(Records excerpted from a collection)
------------------------------------
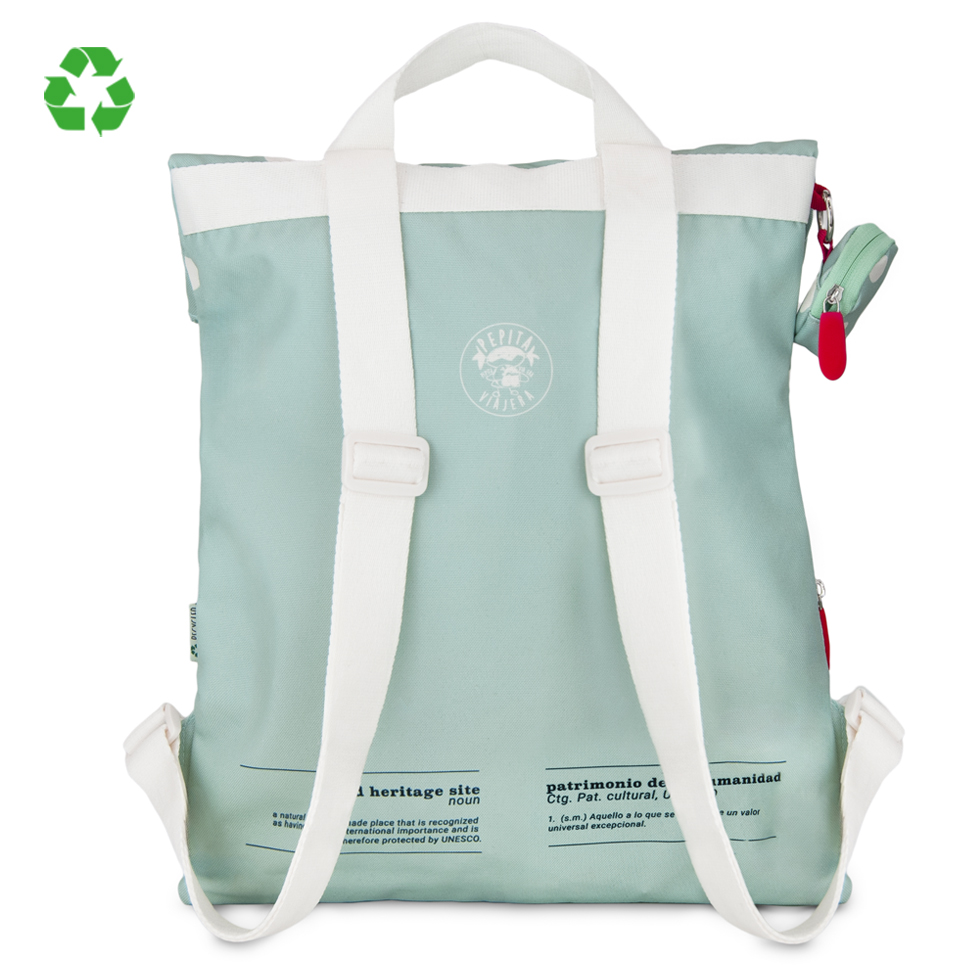 Ένα σακίδιο ευέλικτο και ελαφρύ σχεδιασμένο για τους λάτρεις του πολιτισμού και της περιπέτειας. Διαθέτει εσωτερική τσέπη, που επιτρέπει την καλύτερη οργάνωση των αντικειμένων σας, άνοιγμα με φερμουάρ και ρυθμιζόμενοι ιμάντες. Κατασκευασμένο από ανακυκλωμένο R-PET.
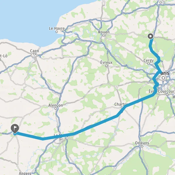 Prendre à droite et rejoindre A11 E50. Continuer sur 147 kilomètres
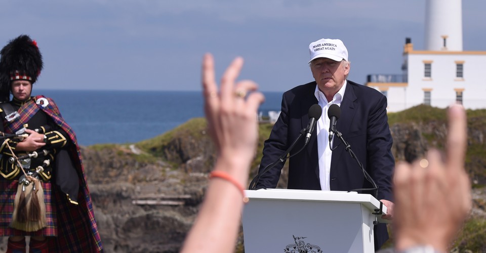 Thoughts from the presumptive GOP nominee, as he touched down in the one part of the UK that voted most strongly to remain part of Europe.
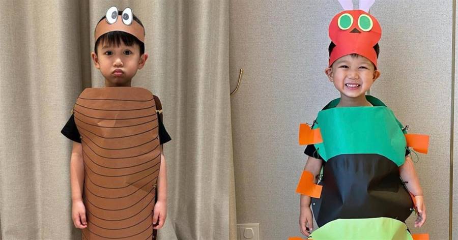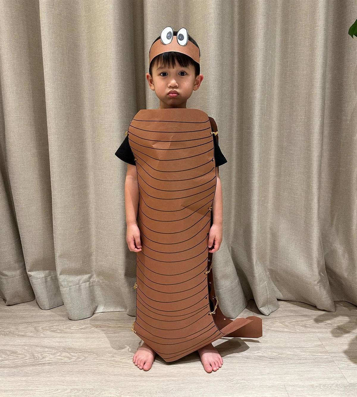 照片中,3歲的奕霖小朋友穿著媽媽給他做的「蚯蚓裝」拍照,只見他嘟著嘴巴,臉蛋鼓鼓的,看著像在生胖氣的小朋友一樣,但還是那麼帥氣,那麼可愛呀。胡杏兒看到兒子這副表情一開始還不知道是什麼緣由,聽奕霖解釋后才明白,原來是因為他「不滿意」,他說蚯蚓是沒有手的,但自己雙手都露在外面了。
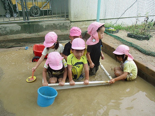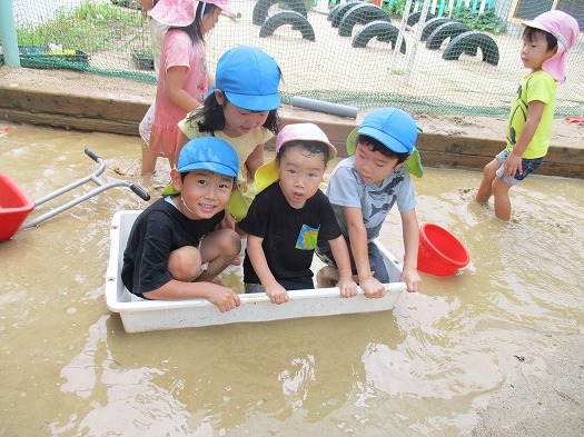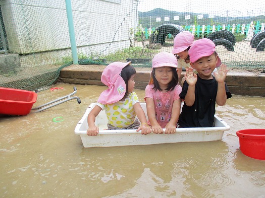 そうだ、せっかくこんなにも砂場に水が溜まっているんだからと思いタライを用意して浮かべました
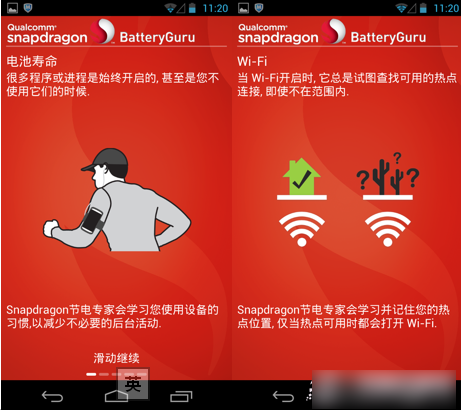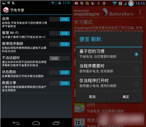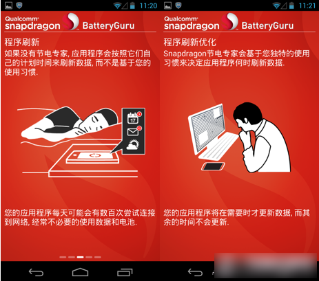这款节电应用全名是Qualcomm Snapdragon BatteryGuruBeta。这是专为Snapdragon处理器编写的省电应用,可以延长和优化Snapdragon处理器的电池续航,防止在wifi区外反复扫描、频繁地同步检查、夜间睡眠期间接受短信电话等。
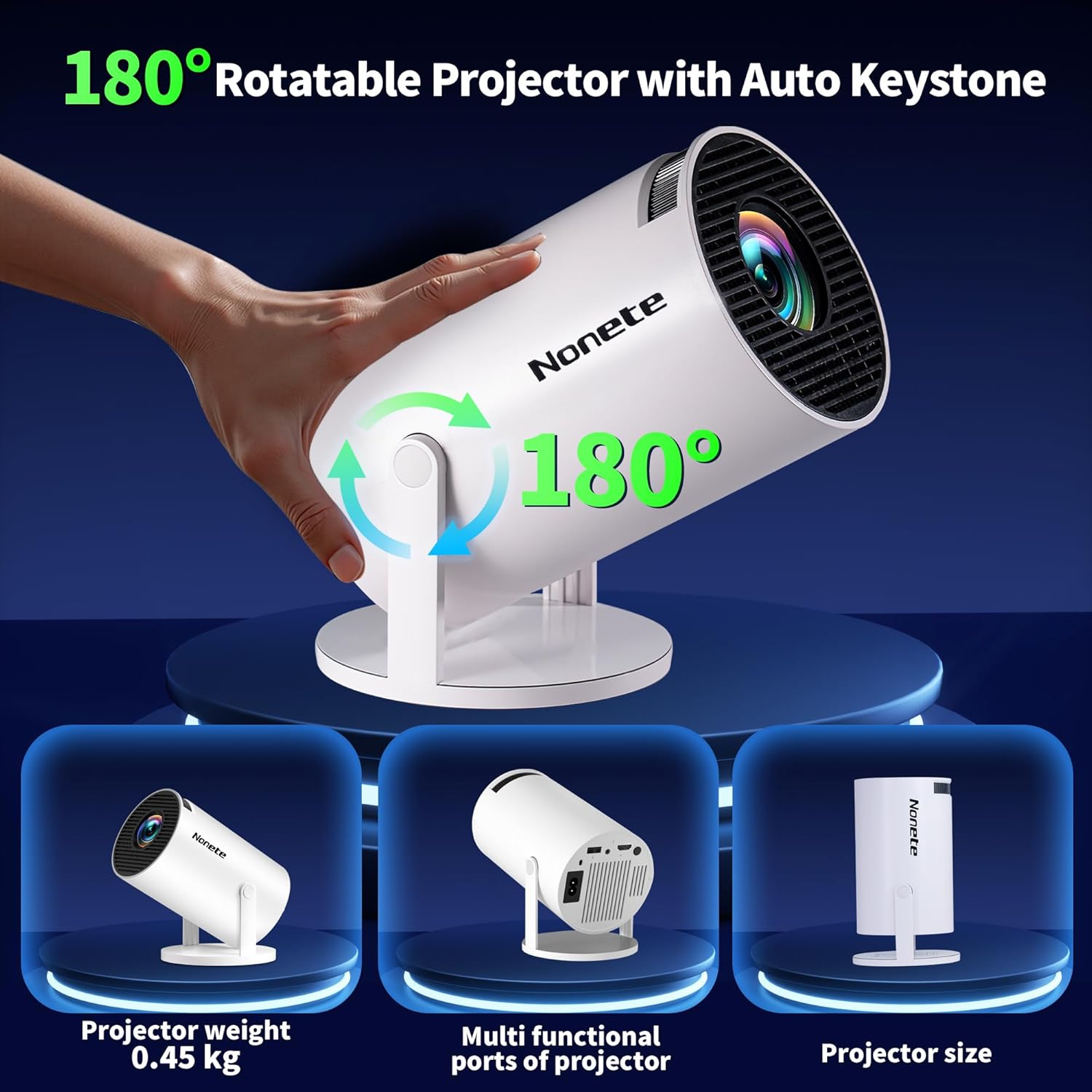【Flexible Installation and Portable Design】The smart projector supports a tripod, ceiling mount, and desktop placement, featuring a standard 1/4-inch screw hole for easy and secure installation. With 180° image rotation, you can project from any angle, whether in the living room, bedroom, conference room, or outdoors. Enjoy a large-screen experience anytime & anywhere.
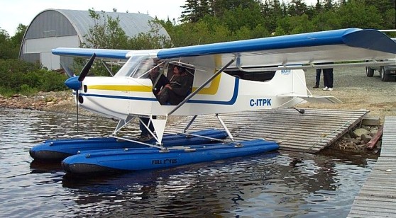 Being designed in Ontario, Canada, operation on floats and skis were a prime concern from day one. The first Merlin off the production line was fitted with Full Lotus amphibious floats. Each kit since has float-mounting plates welded to the airframe, making every aircraft easily adaptable to floats. In winter, the floats can easily be replaced by skis. These fit directly onto the existing axle tubes. Cruise speeds observed on skis are the same as on wheels-85 mph with the standard 68″ ground adjustable two-blade prop.
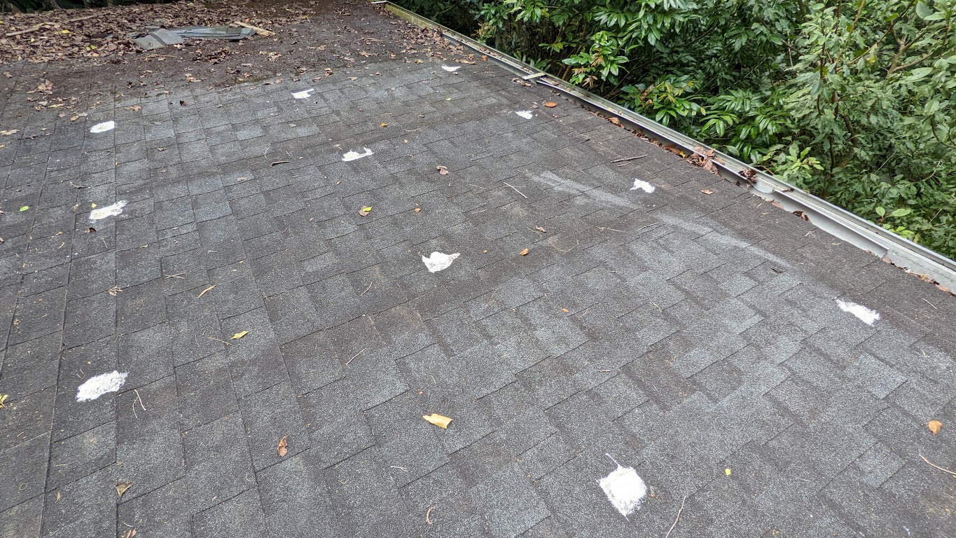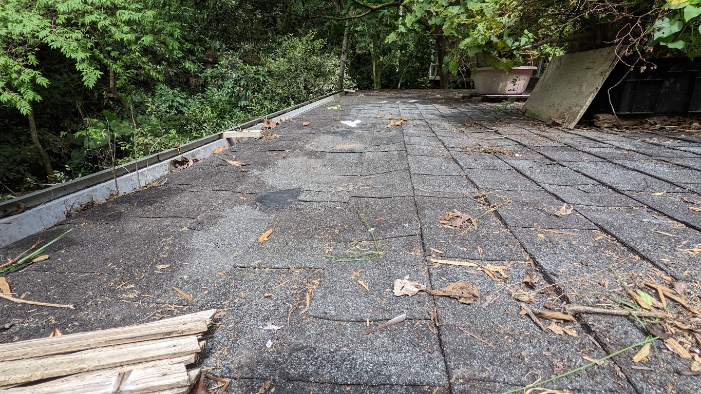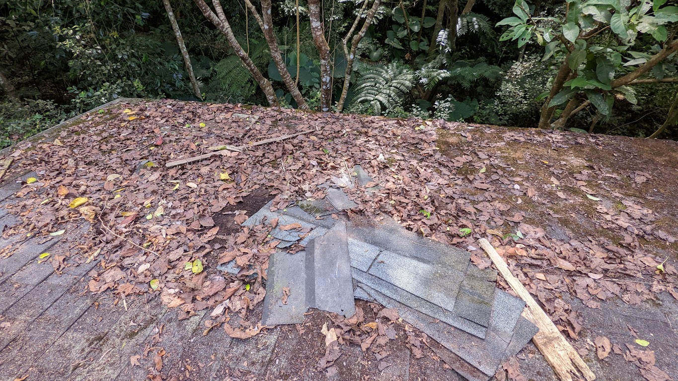 靠近邊沿的屋頂累積樹林的落葉,有覆蓋的可樂瓦,未受日曬的影響,應該壽命會比較長。
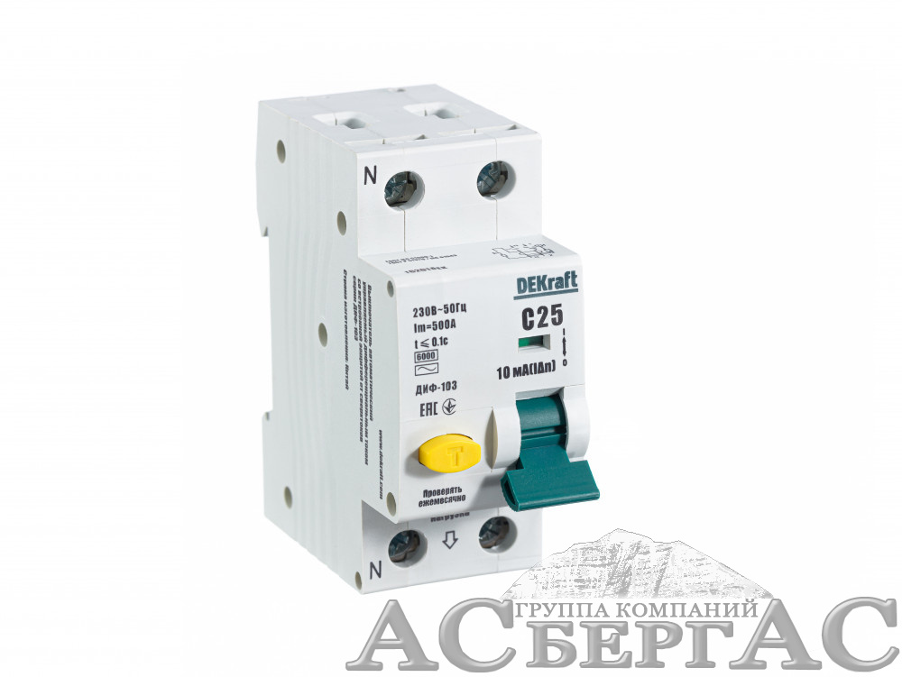 ДИФ-103 Дифф. автомат 1P+N, 25А, 10mA, тип AC, 6kA (хар-ка C) DEKraft
------------------------------------
What is expected: This task calls for an exact copy of the data above, without pictures.

The answer:
 Ένα σακίδιο ευέλικτο και ελαφρύ σχεδιασμένο για τους λάτρεις του πολιτισμού και της περιπέτειας. Διαθέτει εσωτερική τσέπη, που επιτρέπει την καλύτερη οργάνωση των αντικειμένων σας, άνοιγμα με φερμουάρ και ρυθμιζόμενοι ιμάντες. Κατασκευασμένο από ανακυκλωμένο R-PET.
 Prendre à droite et rejoindre A11 E50. Continuer sur 147 kilomètres
 Thoughts from the presumptive GOP nominee, as he touched down in the one part of the UK that voted most strongly to remain part of Europe.
 照片中,3歲的奕霖小朋友穿著媽媽給他做的「蚯蚓裝」拍照,只見他嘟著嘴巴,臉蛋鼓鼓的,看著像在生胖氣的小朋友一樣,但還是那麼帥氣,那麼可愛呀。胡杏兒看到兒子這副表情一開始還不知道是什麼緣由,聽奕霖解釋后才明白,原來是因為他「不滿意」,他說蚯蚓是沒有手的,但自己雙手都露在外面了。
 そうだ、せっかくこんなにも砂場に水が溜まっているんだからと思いタライを用意して浮かべました
这款节电应用全名是Qualcomm Snapdragon BatteryGuruBeta。这是专为Snapdragon处理器编写的省电应用,可以延长和优化Snapdragon处理器的电池续航,防止在wifi区外反复扫描、频繁地同步检查、夜间睡眠期间接受短信电话等。
【Flexible Installation and Portable Design】The smart projector supports a tripod, ceiling mount, and desktop placement, featuring a standard 1/4-inch screw hole for easy and secure installation. With 180° image rotation, you can project from any angle, whether in the living room, bedroom, conference room, or outdoors. Enjoy a large-screen experience anytime & anywhere.
 Being designed in Ontario, Canada, operation on floats and skis were a prime concern from day one. The first Merlin off the production line was fitted with Full Lotus amphibious floats. Each kit since has float-mounting plates welded to the airframe, making every aircraft easily adaptable to floats. In winter, the floats can easily be replaced by skis. These fit directly onto the existing axle tubes. Cruise speeds observed on skis are the same as on wheels-85 mph with the standard 68″ ground adjustable two-blade prop.
 靠近邊沿的屋頂累積樹林的落葉,有覆蓋的可樂瓦,未受日曬的影響,應該壽命會比較長。
 ДИФ-103 Дифф. автомат 1P+N, 25А, 10mA, тип AC, 6kA (хар-ка C) DEKraft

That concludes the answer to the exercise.